● PROBLEM STATEMENT
What you write must be the lines from the one holding "Также учащиеся заполнили" through the final line of the records below, reproduced exactly, minus the pictures.

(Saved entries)
=-=-=

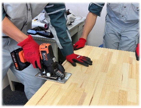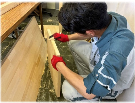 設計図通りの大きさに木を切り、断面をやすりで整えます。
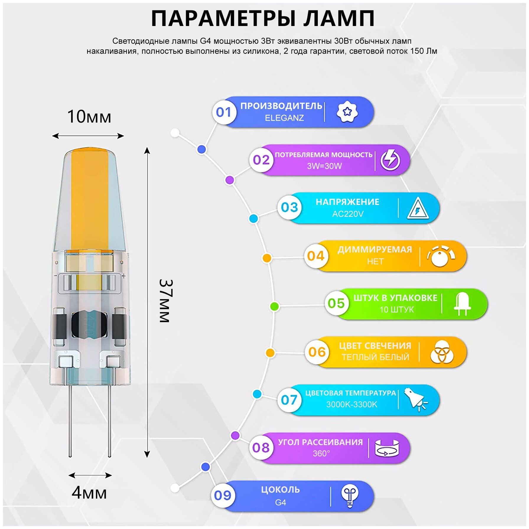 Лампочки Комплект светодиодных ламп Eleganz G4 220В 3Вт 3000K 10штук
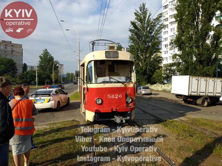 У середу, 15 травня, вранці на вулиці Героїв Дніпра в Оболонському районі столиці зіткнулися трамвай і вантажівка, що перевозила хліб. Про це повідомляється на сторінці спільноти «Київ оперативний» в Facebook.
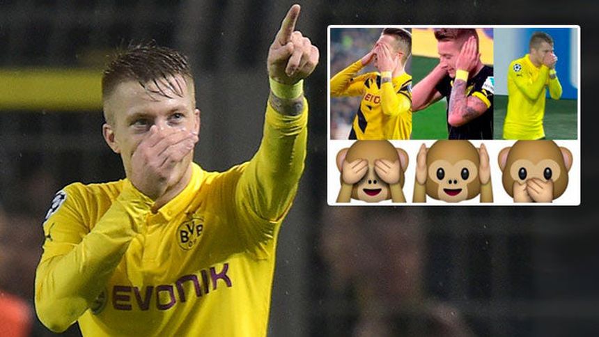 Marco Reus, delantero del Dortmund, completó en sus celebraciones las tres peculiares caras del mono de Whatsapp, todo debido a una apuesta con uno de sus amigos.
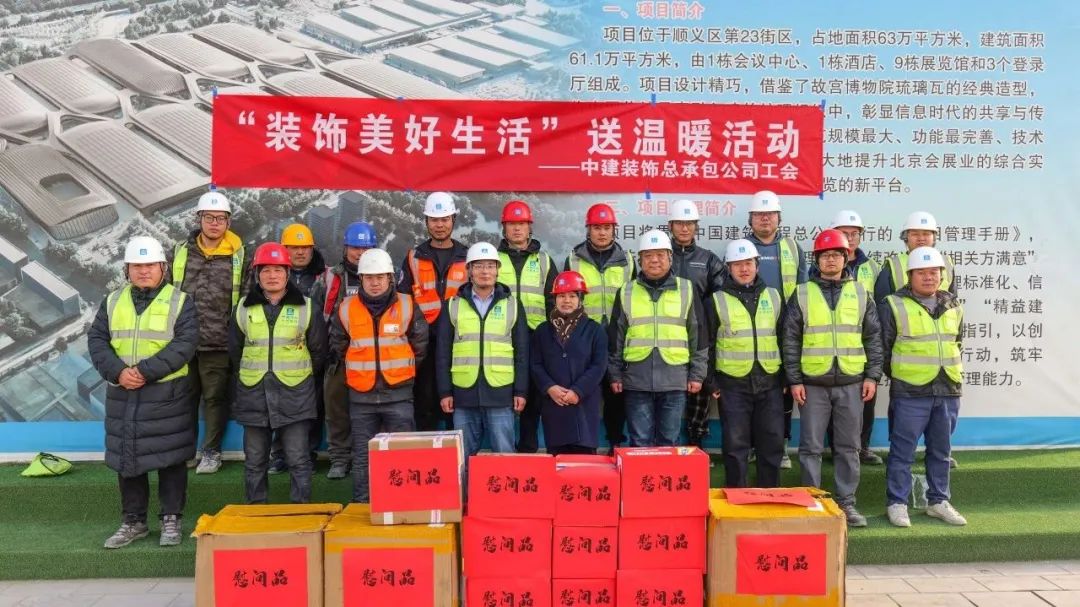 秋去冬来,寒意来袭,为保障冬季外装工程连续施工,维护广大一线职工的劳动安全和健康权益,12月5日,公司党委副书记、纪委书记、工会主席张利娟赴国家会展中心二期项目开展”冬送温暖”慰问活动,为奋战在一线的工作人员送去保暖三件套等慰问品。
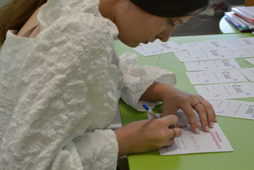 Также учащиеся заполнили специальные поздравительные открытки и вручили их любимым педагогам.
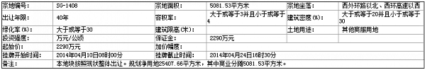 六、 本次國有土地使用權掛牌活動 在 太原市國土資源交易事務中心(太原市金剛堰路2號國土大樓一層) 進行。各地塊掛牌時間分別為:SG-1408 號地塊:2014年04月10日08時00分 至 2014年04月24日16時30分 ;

=-=-=

● COMPLETED EXERCISE
 Также учащиеся заполнили специальные поздравительные открытки и вручили их любимым педагогам.
 六、 本次國有土地使用權掛牌活動 在 太原市國土資源交易事務中心(太原市金剛堰路2號國土大樓一層) 進行。各地塊掛牌時間分別為:SG-1408 號地塊:2014年04月10日08時00分 至 2014年04月24日16時30分 ;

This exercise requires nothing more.